- Born: September 23, 1985 (age 39) La Paz, Bolivia
- Occupation(s): Director, scriptwriter, film editor.

= Yashira Jordán =

Bolivian director, scriptwriter and film editor

Yashira Jordán (La Paz, September 23, 1985) is a Bolivian director, scriptwriter and film editor.

==Background==
Jordán is the director of Durazno (film) first film in Bolivia and Argentina, which is performed under the concept of crowd funding and which used garbage and rubbish to construct the fiction sequence and sets of the film.

==Career==
In 2004 Jordán spent time in New York City, Washington, D.C., and Mexico City, training in various workshops and courses under the direction of American and Mexican filmmakers. In addition she made some experimental videos and shorts (35 mm film format) that participated in international festivals, such as the Washington, D.C., 48 hour Film Festival.
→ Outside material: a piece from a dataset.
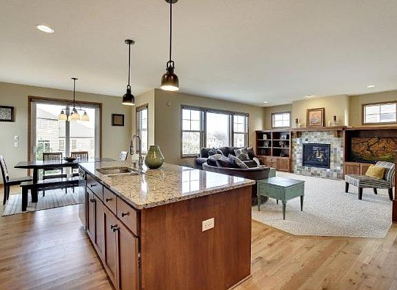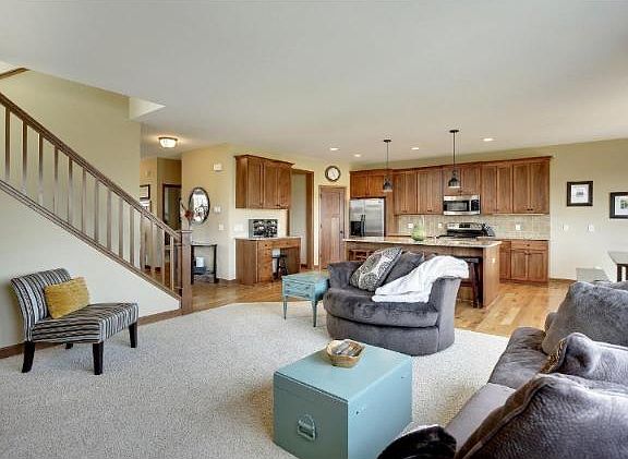 Gorgeous home that shows like a model. Granite S/S appliances, Maple Cabinets, tile fireplace, built-ins, hardwood floors, 3 panel doors, massive Kitchen Island, James Hardy siding, walk out lower level and spacious front porch. Open floor concept designed to entertain. See today!, Directions Hwy 13 to Zinran Ave to 150th St W to Stafford Trail to home.

In 2005 she began her degree in audiovisual communication at the Universidad Nacional de La Plata, Argentina. In 2007 she was chosen to participate in Talent Campus, organised by the Universidad del Cine, exhibiting her work to mark the 9th BAFICI (Buenos Aires International Independent Film Festival) In addition, in February 2008 her work was selected from amongst more than 3,000 worldwide participants for the Berlin International Film Festival, in the Talent Campus category. She attended talks, meetings and workshops with cineastes and cinematographers like Mike Leigh, Lucrecia Martel, Wim Wenders, Alejandro Jodorowsky, Lisandro Alonso, Felix Monti, Alex McDowell and Andrej Wajda. at the Berlinale Talent Campus.